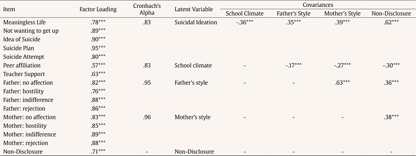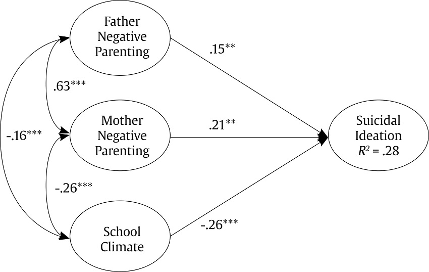 In this phase of the study, the adequacy of a complete measurement model for the proposed constructs was identified: factor loadings, Cronbach’s alpha, and covariances between latent variables in the measurement model are shown in Table 2. Factor loadings are high and significant for all the items (p < .001): above .75 in the five items of suicidal ideation, .57 or more in school climate, above .75 in father’s style, and .80 in mother’s style. The reliability coefficients were higher than .80 for all the latent variables. This model showed an optimal fit (χ2 = 146.85, df = 94, CFI = .96, TLI = .95, RMSEA = .03 [.020, .039], SRMR = .05).
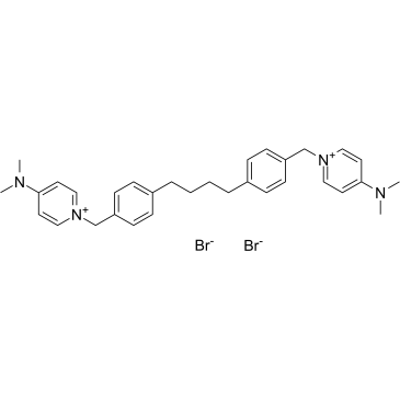 SMILES: | C(C1=CC=C(C[NH0+]2C=CC(N(C)C)=CC=2)C=C1)CCCC1=CC=C(C[NH0+]2C=CC(N(C)C)=CC=2)C=C1.[BrH0-].[BrH0-] |
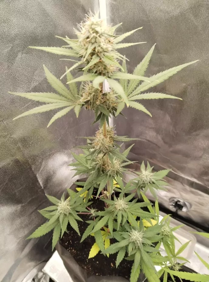 Wächst schnell und wütend!!! 67 Tage von der Saat bis zur Ernte!!! Ich habe sie während der Vegetation versehentlich gestresst - 5 Tage ohne zu gießen, aber sie hat überlebt und 62g trockene Knospen geerntet!!!
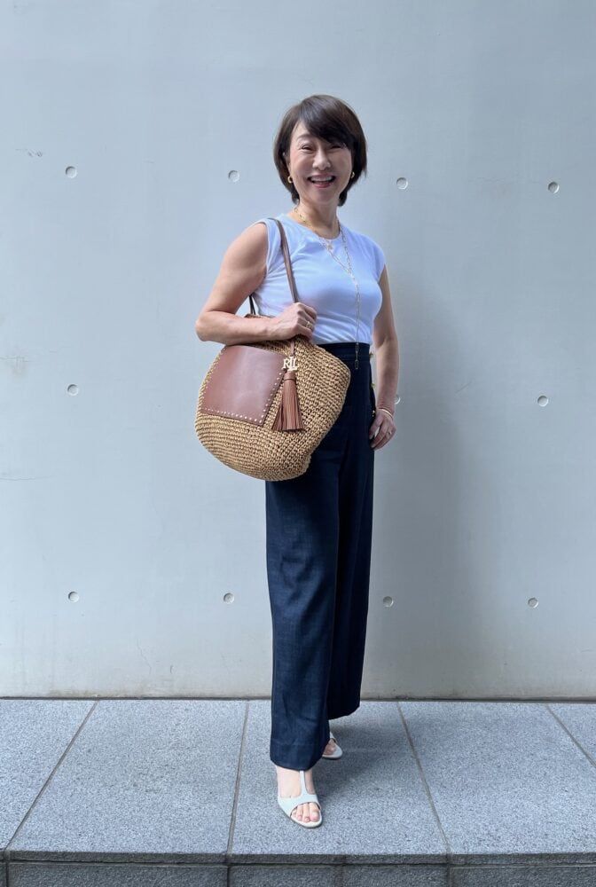 「『ラルフローレン』のバッグは、夏の素材で毎日持ちやすいデザイン。日傘やボトル、タオルなど、かさばる荷物もサブバッグなしで収まります。かごバッグは素材が肌に当たると痛いものもありますが、これはそんなこともなく使いやすいアイテム。外ポケットがレザーなのでカジュアルになりすぎず、きれいめの着こなしにもぴったりで重宝しています」
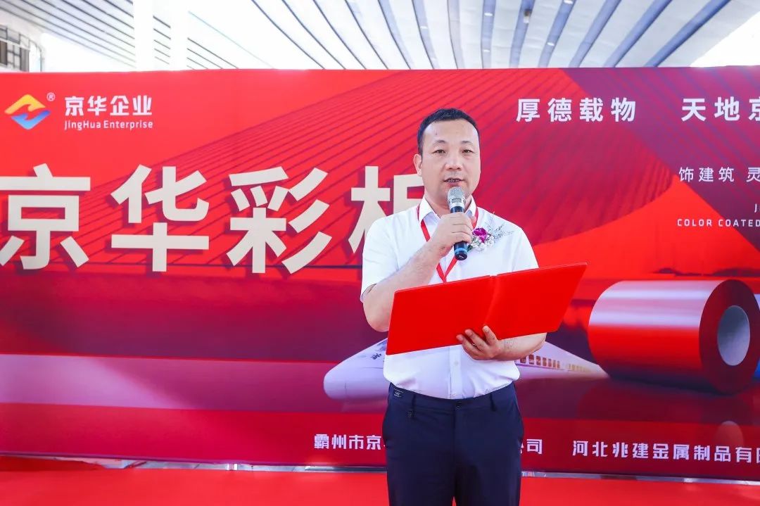 京華金屬制品有限公司總經(jīng)理陳鐵柱、副總經(jīng)理王飛、副總經(jīng)理邢英壯、生產(chǎn)副總王光增、彩板銷售經(jīng)理肖冰等主要領(lǐng)導(dǎo)以及華鐵傳媒集團有限公司高級副總裁程碩、特邀經(jīng)銷商劉昊、郭澤溪、周世斌、梁馨予、齊振、周立揚、郭相、趙士宇等雙方領(lǐng)導(dǎo)、嘉賓共同出席。
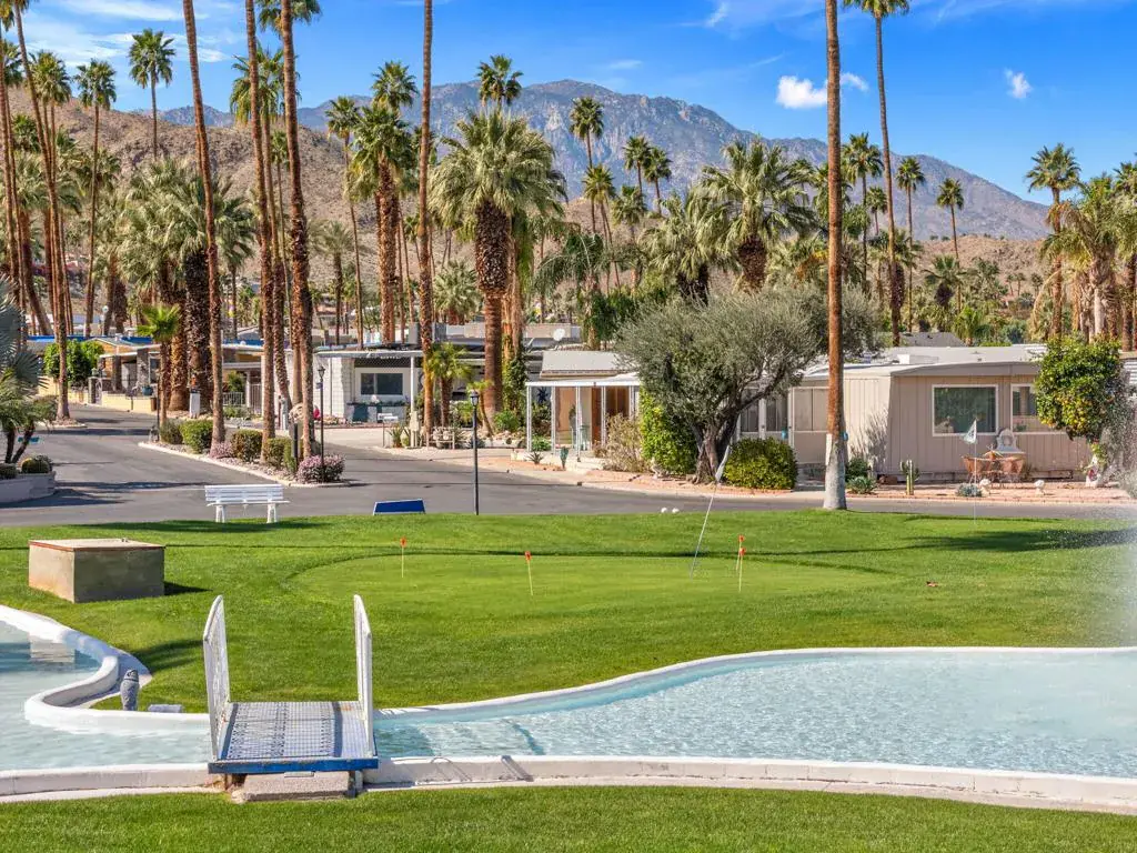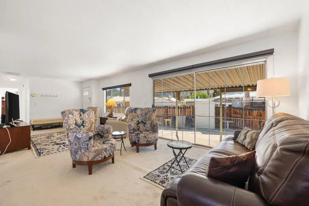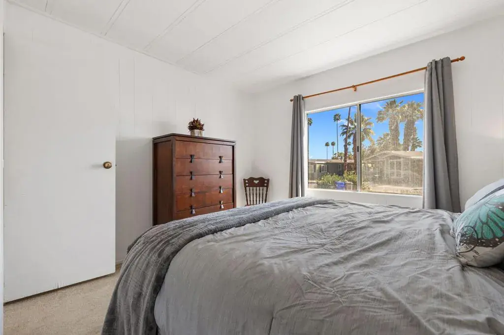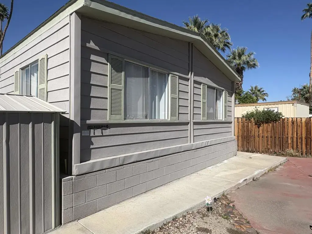 Located on LAND YOU OWN in the iconic Blue Skies Village, this lightly updated 3-bedroom, 2-bath double-wide mobile home offers 1,440 sq. ft. of comfortable desert living in one of Rancho Mirage’s most sought-after senior communities. Ideally situated near the clubhouse and pool, this home combines convenience, lifestyle, and value.The spacious primary suite features a walk-in closet and an en-suite bath with soaking tub and separate fiberglass shower. Two additional bedrooms provide flexibility for guests, office, or hobbies. The home includes newer kitchen appliances, an in-house laundry area with washer and dryer, and a thoughtful floor plan that lives easily year-round.A tandem two-car carport, private storage shed, and low-maintenance landscaping add everyday practicality. Monthly HOA dues of $432 include water, trash service, cable TV, and internet, making ownership simple and predictable.Blue Skies Village is a gated 55+ community known for its midcentury charm and amenities, including a saltwater pool, exercise room, library/card room, billiards, and the architecturally significant Tanner Hall, designed by renowned modernist William F. Cody. Just minutes from Eisenhower Medical Center, El Paseo, world-class dining, shopping, entertainment, and everything the Coachella Valley has to offer. Whether you’re ready to make Rancho Mirage home year-round or secure your place for the season ahead, opportunities like this are limited. See it now and start living the Blue Skies lifestyle while the season is at its best. Motivated seller!Home is being sold turnkey furnished with staging items and personal items excepted.
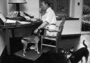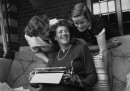 Ancora qualche anno fa c’erano giornalisti che esibivano fieri di scrivere ancora con la macchina da scrivere (forse erano gli stessi che a questo punto stanno già mugugnando che si devono chiamare “macchine per scrivere”), ma sostenerne la maggiore praticità è diventato abbastanza impossibile. Resta il fatto che – come i vinili; i VHS no – sono però bellissime, le macchine da scrivere: molto più belle di questi cosi. Ed è una valutazione così antica e condivisa, che per decenni le macchine da scrivere sono state usate non solo per scrivere ma anche per fotografare: ovvero come protagoniste di set e ritratti in cui l’elemento estetico arricchiva il personaggio ritratto. E ne hanno approfittato le più varie celebrità, come vedete – non solo giornalisti e scrittori – con risultati che commuoverebbero i due giovani protagonisti di “Giovani si diventa” (loro stanno ricevendo questo articolo via fax).
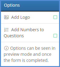 Options - Include your logo and choose to number the questions added to your intake form.
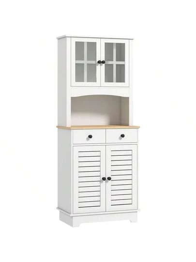 HOMCOM Köksskåp med glasdörrar, 2 lådor, diskskåp, matrumsskåp, trä, 68 x 39,5 x 170, vit - 1 - Visa 1
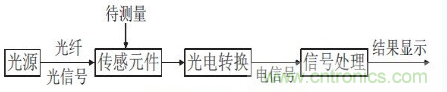 隨著工藝水平的提高,光纖技術(shù)目前相對成熟。光纖傳感器即為應用光纖傳輸?shù)幕驹斫M合的一個廣電感應系統(tǒng)。通常的光纖傳感系統(tǒng)由光源、光導纖維、光傳感元件,光調(diào)制元件和信號處理部分組成。其工作原理如下圖所示:光源發(fā)出的光經(jīng)過光導纖維進入光傳感元件,而在光傳感元件中受到周圍環(huán)境場的影響而發(fā)生變化的光再進入光調(diào)制機構(gòu),由其將傳感元件測量的參數(shù)調(diào)制成幅度、相位、偏振等信息,這一過程稱為光電轉(zhuǎn)換過程,最后利用微處理器進行信號分析。
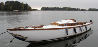 was imported in 2009 into Helsinki from Sweden. According to the owner she was marketed as a Swedish square metre cruiser, but nothing more was known. Looking at her lines – bow, flat rear and scantlines - she could be a särklass-boat, an early square metre cruiser or even a kubbregel boat. Not very much of the original details in the cabin exist anymore. The deck and cabin have been rebuilt. Some of the mountings and fittings are old bronze, some modern. The mast is straight, not curved at the top, and some of the fittings are very aged. My guess is that boat has been built at latest on 20´s, maybe !
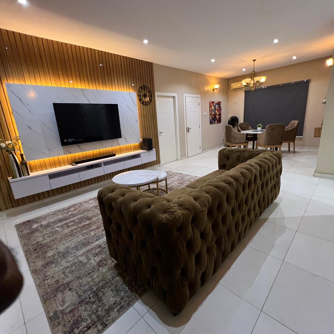 APARTAMENTOS D'EXQUISITE, recién construidos en enero de 2024 con servicios de lujo de última generación en un entorno sereno y tranquilo, entorno familiar y único cerca de atracciones , centros comerciales, salones/bar, etc. Electricidad 24/7, internet/WIFI gratuito, aparcamiento gratuito y amplio complejo que se puede utilizar para fiestas/ reuniones. Todo el grupo se sentirá cómodo en este espacio espacioso y único con personal de seguridad 24/7 y personal de apoyo en el sitio para servicios de limpieza gratuitos.
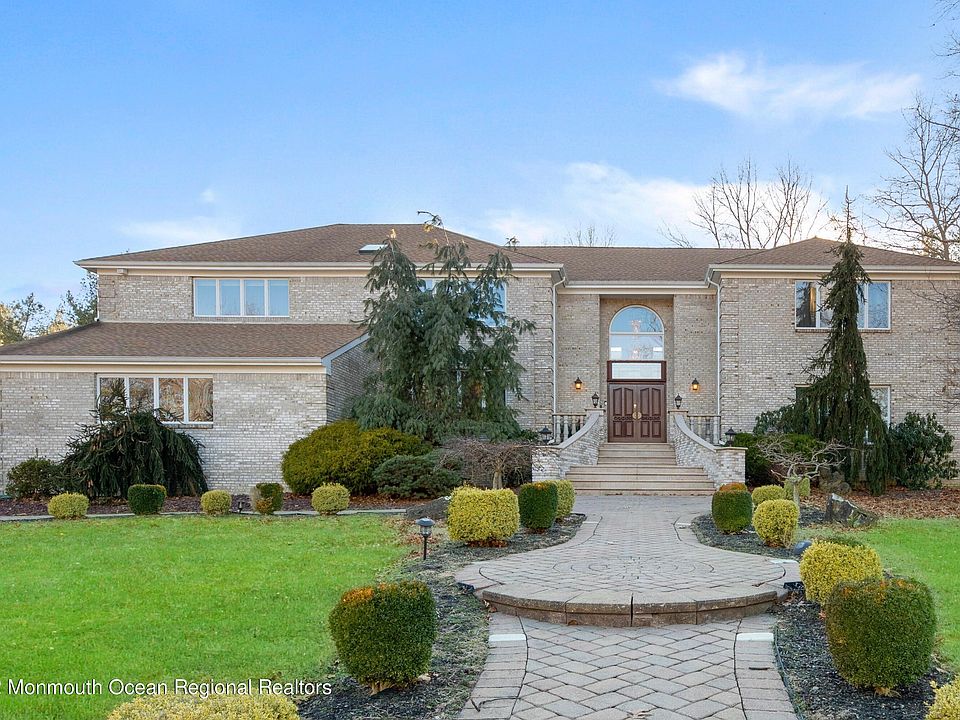 A REWARDING ESCAPE PEACEFULLY SITUATED: Luxurious and expansive, this 6-bedroom, 6.5-bathroom home of 5,416 square feet rests on a corner lot of .93 acres on a peaceful cul-de-sac in the Triangle Estates neighborhood of Morganville. Granite floor center-hall entry with cathedral ceiling and a suspended ornate, glistening chandelier casting white reflections on the walls. Richly-appointed spaces include large gathering areas. Enjoy the Open Floor Plan with a Vaulted Ceiling, sky lights, and fireplace Great Room, Sunken living room with French doors to an office/library. The Beautiful, bright, professional-grade newer Kitchen on the main floor Is 'The Heart Of The Home' - Complete with Large Customized Granite Island, Stainless Steel Appliances, and a Sub-Zero refrigerator. Spectacular dining room, Laundry Room, Guest-Bedroom and fully-updated Guest-Bathroom - ALL this on the main floor. Step up to the high open ceiling second floor from the center hall curved staircase to an oversized master bedroom suite with a very large walk-in closet, a soaking Jacuzzi tub, steam shower, and double-sink master bath. A study/game/recreation area, plus four more large bedrooms and 3 full baths. The fully-finished basement has over 2,000 square feet of living space. It includes a separate room used for a gym and/or storage, newer kitchen with granite counters, recreation area once used as a home theater, a full bathroom, and direct entry to the 3-car garage. The tree lined private backyard includes a large 1 level Trex deck with verdant surroundings. Home has been pristinely maintained. Timberline roof replaced in 2017. Centrally located, it is a commuter's delight with convenient access to Route 18 and Route 9, other major highways, and public transportation to NYC. Schedule an appointment today! This one of a kind 'GEM' will not last!
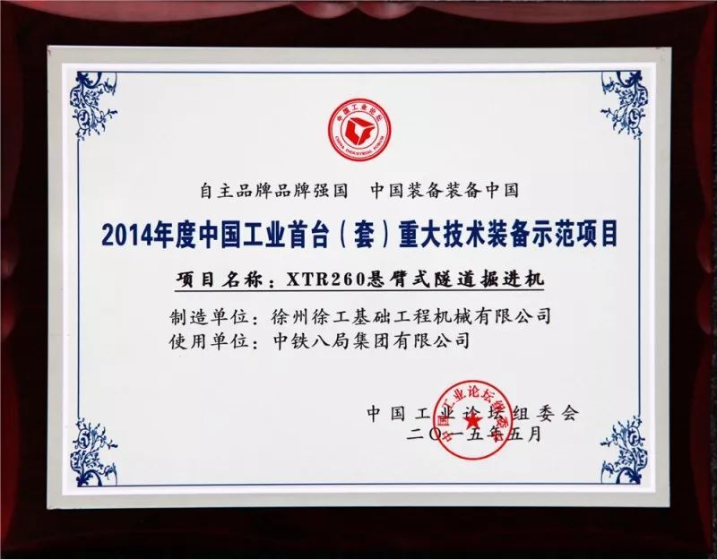 2014年6月,國內首臺懸臂式隧道掘進機徐工XTR260研制成功,在大連等地進行隧道施工,有效提升了隧道施工質量和效益,促進國內隧道施工模式的轉變,填補國內懸臂式隧道掘進機的空白;經中國機械工業(yè)聯(lián)合會組織鑒定,其主要技術性能達到國際領先水平,該設備獲得江蘇省首臺套重大裝備認定和資金支持,為2014年度中國工業(yè)首臺(套)重大技術裝備示范項目。

+ + + + + + +

*Your instructions*
Above are the records; repeat them exactly, omitting every picture.

*Task answer*
 In this phase of the study, the adequacy of a complete measurement model for the proposed constructs was identified: factor loadings, Cronbach’s alpha, and covariances between latent variables in the measurement model are shown in Table 2. Factor loadings are high and significant for all the items (p < .001): above .75 in the five items of suicidal ideation, .57 or more in school climate, above .75 in father’s style, and .80 in mother’s style. The reliability coefficients were higher than .80 for all the latent variables. This model showed an optimal fit (χ2 = 146.85, df = 94, CFI = .96, TLI = .95, RMSEA = .03 [.020, .039], SRMR = .05).
 SMILES: | C(C1=CC=C(C[NH0+]2C=CC(N(C)C)=CC=2)C=C1)CCCC1=CC=C(C[NH0+]2C=CC(N(C)C)=CC=2)C=C1.[BrH0-].[BrH0-] |
 Wächst schnell und wütend!!! 67 Tage von der Saat bis zur Ernte!!! Ich habe sie während der Vegetation versehentlich gestresst - 5 Tage ohne zu gießen, aber sie hat überlebt und 62g trockene Knospen geerntet!!!
 「『ラルフローレン』のバッグは、夏の素材で毎日持ちやすいデザイン。日傘やボトル、タオルなど、かさばる荷物もサブバッグなしで収まります。かごバッグは素材が肌に当たると痛いものもありますが、これはそんなこともなく使いやすいアイテム。外ポケットがレザーなのでカジュアルになりすぎず、きれいめの着こなしにもぴったりで重宝しています」
 京華金屬制品有限公司總經(jīng)理陳鐵柱、副總經(jīng)理王飛、副總經(jīng)理邢英壯、生產(chǎn)副總王光增、彩板銷售經(jīng)理肖冰等主要領(lǐng)導(dǎo)以及華鐵傳媒集團有限公司高級副總裁程碩、特邀經(jīng)銷商劉昊、郭澤溪、周世斌、梁馨予、齊振、周立揚、郭相、趙士宇等雙方領(lǐng)導(dǎo)、嘉賓共同出席。
 Located on LAND YOU OWN in the iconic Blue Skies Village, this lightly updated 3-bedroom, 2-bath double-wide mobile home offers 1,440 sq. ft. of comfortable desert living in one of Rancho Mirage’s most sought-after senior communities. Ideally situated near the clubhouse and pool, this home combines convenience, lifestyle, and value.The spacious primary suite features a walk-in closet and an en-suite bath with soaking tub and separate fiberglass shower. Two additional bedrooms provide flexibility for guests, office, or hobbies. The home includes newer kitchen appliances, an in-house laundry area with washer and dryer, and a thoughtful floor plan that lives easily year-round.A tandem two-car carport, private storage shed, and low-maintenance landscaping add everyday practicality. Monthly HOA dues of $432 include water, trash service, cable TV, and internet, making ownership simple and predictable.Blue Skies Village is a gated 55+ community known for its midcentury charm and amenities, including a saltwater pool, exercise room, library/card room, billiards, and the architecturally significant Tanner Hall, designed by renowned modernist William F. Cody. Just minutes from Eisenhower Medical Center, El Paseo, world-class dining, shopping, entertainment, and everything the Coachella Valley has to offer. Whether you’re ready to make Rancho Mirage home year-round or secure your place for the season ahead, opportunities like this are limited. See it now and start living the Blue Skies lifestyle while the season is at its best. Motivated seller!Home is being sold turnkey furnished with staging items and personal items excepted.
 Ancora qualche anno fa c’erano giornalisti che esibivano fieri di scrivere ancora con la macchina da scrivere (forse erano gli stessi che a questo punto stanno già mugugnando che si devono chiamare “macchine per scrivere”), ma sostenerne la maggiore praticità è diventato abbastanza impossibile. Resta il fatto che – come i vinili; i VHS no – sono però bellissime, le macchine da scrivere: molto più belle di questi cosi. Ed è una valutazione così antica e condivisa, che per decenni le macchine da scrivere sono state usate non solo per scrivere ma anche per fotografare: ovvero come protagoniste di set e ritratti in cui l’elemento estetico arricchiva il personaggio ritratto. E ne hanno approfittato le più varie celebrità, come vedete – non solo giornalisti e scrittori – con risultati che commuoverebbero i due giovani protagonisti di “Giovani si diventa” (loro stanno ricevendo questo articolo via fax).
 Options - Include your logo and choose to number the questions added to your intake form.
 HOMCOM Köksskåp med glasdörrar, 2 lådor, diskskåp, matrumsskåp, trä, 68 x 39,5 x 170, vit - 1 - Visa 1
 隨著工藝水平的提高,光纖技術(shù)目前相對成熟。光纖傳感器即為應用光纖傳輸?shù)幕驹斫M合的一個廣電感應系統(tǒng)。通常的光纖傳感系統(tǒng)由光源、光導纖維、光傳感元件,光調(diào)制元件和信號處理部分組成。其工作原理如下圖所示:光源發(fā)出的光經(jīng)過光導纖維進入光傳感元件,而在光傳感元件中受到周圍環(huán)境場的影響而發(fā)生變化的光再進入光調(diào)制機構(gòu),由其將傳感元件測量的參數(shù)調(diào)制成幅度、相位、偏振等信息,這一過程稱為光電轉(zhuǎn)換過程,最后利用微處理器進行信號分析。
 was imported in 2009 into Helsinki from Sweden. According to the owner she was marketed as a Swedish square metre cruiser, but nothing more was known. Looking at her lines – bow, flat rear and scantlines - she could be a särklass-boat, an early square metre cruiser or even a kubbregel boat. Not very much of the original details in the cabin exist anymore. The deck and cabin have been rebuilt. Some of the mountings and fittings are old bronze, some modern. The mast is straight, not curved at the top, and some of the fittings are very aged. My guess is that boat has been built at latest on 20´s, maybe !
 APARTAMENTOS D'EXQUISITE, recién construidos en enero de 2024 con servicios de lujo de última generación en un entorno sereno y tranquilo, entorno familiar y único cerca de atracciones , centros comerciales, salones/bar, etc. Electricidad 24/7, internet/WIFI gratuito, aparcamiento gratuito y amplio complejo que se puede utilizar para fiestas/ reuniones. Todo el grupo se sentirá cómodo en este espacio espacioso y único con personal de seguridad 24/7 y personal de apoyo en el sitio para servicios de limpieza gratuitos.
 A REWARDING ESCAPE PEACEFULLY SITUATED: Luxurious and expansive, this 6-bedroom, 6.5-bathroom home of 5,416 square feet rests on a corner lot of .93 acres on a peaceful cul-de-sac in the Triangle Estates neighborhood of Morganville. Granite floor center-hall entry with cathedral ceiling and a suspended ornate, glistening chandelier casting white reflections on the walls. Richly-appointed spaces include large gathering areas. Enjoy the Open Floor Plan with a Vaulted Ceiling, sky lights, and fireplace Great Room, Sunken living room with French doors to an office/library. The Beautiful, bright, professional-grade newer Kitchen on the main floor Is 'The Heart Of The Home' - Complete with Large Customized Granite Island, Stainless Steel Appliances, and a Sub-Zero refrigerator. Spectacular dining room, Laundry Room, Guest-Bedroom and fully-updated Guest-Bathroom - ALL this on the main floor. Step up to the high open ceiling second floor from the center hall curved staircase to an oversized master bedroom suite with a very large walk-in closet, a soaking Jacuzzi tub, steam shower, and double-sink master bath. A study/game/recreation area, plus four more large bedrooms and 3 full baths. The fully-finished basement has over 2,000 square feet of living space. It includes a separate room used for a gym and/or storage, newer kitchen with granite counters, recreation area once used as a home theater, a full bathroom, and direct entry to the 3-car garage. The tree lined private backyard includes a large 1 level Trex deck with verdant surroundings. Home has been pristinely maintained. Timberline roof replaced in 2017. Centrally located, it is a commuter's delight with convenient access to Route 18 and Route 9, other major highways, and public transportation to NYC. Schedule an appointment today! This one of a kind 'GEM' will not last!
 2014年6月,國內首臺懸臂式隧道掘進機徐工XTR260研制成功,在大連等地進行隧道施工,有效提升了隧道施工質量和效益,促進國內隧道施工模式的轉變,填補國內懸臂式隧道掘進機的空白;經中國機械工業(yè)聯(lián)合會組織鑒定,其主要技術性能達到國際領先水平,該設備獲得江蘇省首臺套重大裝備認定和資金支持,為2014年度中國工業(yè)首臺(套)重大技術裝備示范項目。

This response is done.